_WHAT THE EXERCISE ASKS_
Everything from the line with "Best-rates for the" to the line with "자동 리버스 우산은 C" in the listing below, both lines included, needs to be copied exactly, apart from the pictures.

_SUPPLIED RECORDS_
———

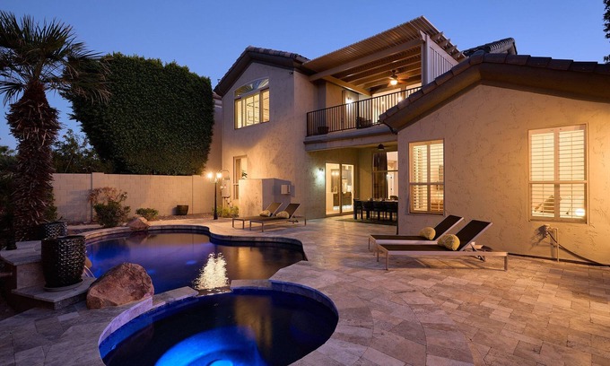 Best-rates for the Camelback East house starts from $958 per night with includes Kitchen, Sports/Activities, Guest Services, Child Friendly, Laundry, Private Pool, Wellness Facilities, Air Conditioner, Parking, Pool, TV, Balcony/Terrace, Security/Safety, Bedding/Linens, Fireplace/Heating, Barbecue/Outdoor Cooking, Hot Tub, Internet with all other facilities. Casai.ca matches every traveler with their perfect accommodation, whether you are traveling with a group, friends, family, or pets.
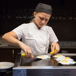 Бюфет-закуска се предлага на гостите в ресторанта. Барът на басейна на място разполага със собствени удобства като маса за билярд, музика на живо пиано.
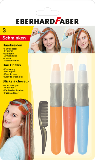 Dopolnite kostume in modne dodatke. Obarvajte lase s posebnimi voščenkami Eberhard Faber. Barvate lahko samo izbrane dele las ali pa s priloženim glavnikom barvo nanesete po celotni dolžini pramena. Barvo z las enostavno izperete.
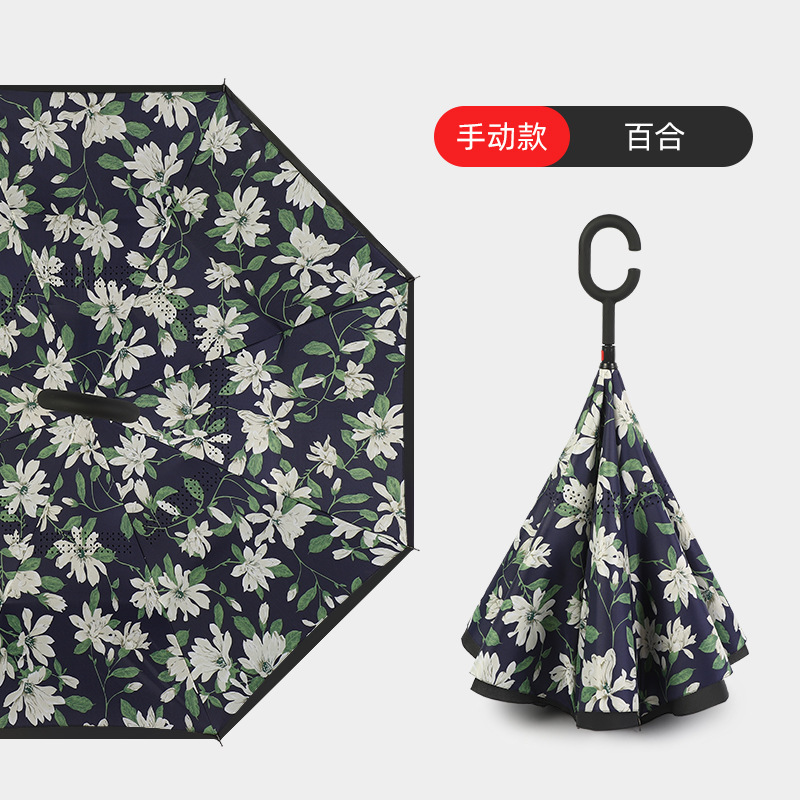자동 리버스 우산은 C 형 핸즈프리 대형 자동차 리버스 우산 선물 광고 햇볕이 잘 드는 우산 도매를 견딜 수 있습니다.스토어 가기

———

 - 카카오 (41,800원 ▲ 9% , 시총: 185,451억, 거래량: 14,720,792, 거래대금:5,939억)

———

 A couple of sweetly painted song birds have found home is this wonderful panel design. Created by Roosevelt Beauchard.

———

_ANSWER TO THIS TASK_
 Best-rates for the Camelback East house starts from $958 per night with includes Kitchen, Sports/Activities, Guest Services, Child Friendly, Laundry, Private Pool, Wellness Facilities, Air Conditioner, Parking, Pool, TV, Balcony/Terrace, Security/Safety, Bedding/Linens, Fireplace/Heating, Barbecue/Outdoor Cooking, Hot Tub, Internet with all other facilities. Casai.ca matches every traveler with their perfect accommodation, whether you are traveling with a group, friends, family, or pets.
 Бюфет-закуска се предлага на гостите в ресторанта. Барът на басейна на място разполага със собствени удобства като маса за билярд, музика на живо пиано.
 Dopolnite kostume in modne dodatke. Obarvajte lase s posebnimi voščenkami Eberhard Faber. Barvate lahko samo izbrane dele las ali pa s priloženim glavnikom barvo nanesete po celotni dolžini pramena. Barvo z las enostavno izperete.
자동 리버스 우산은 C 형 핸즈프리 대형 자동차 리버스 우산 선물 광고 햇볕이 잘 드는 우산 도매를 견딜 수 있습니다.스토어 가기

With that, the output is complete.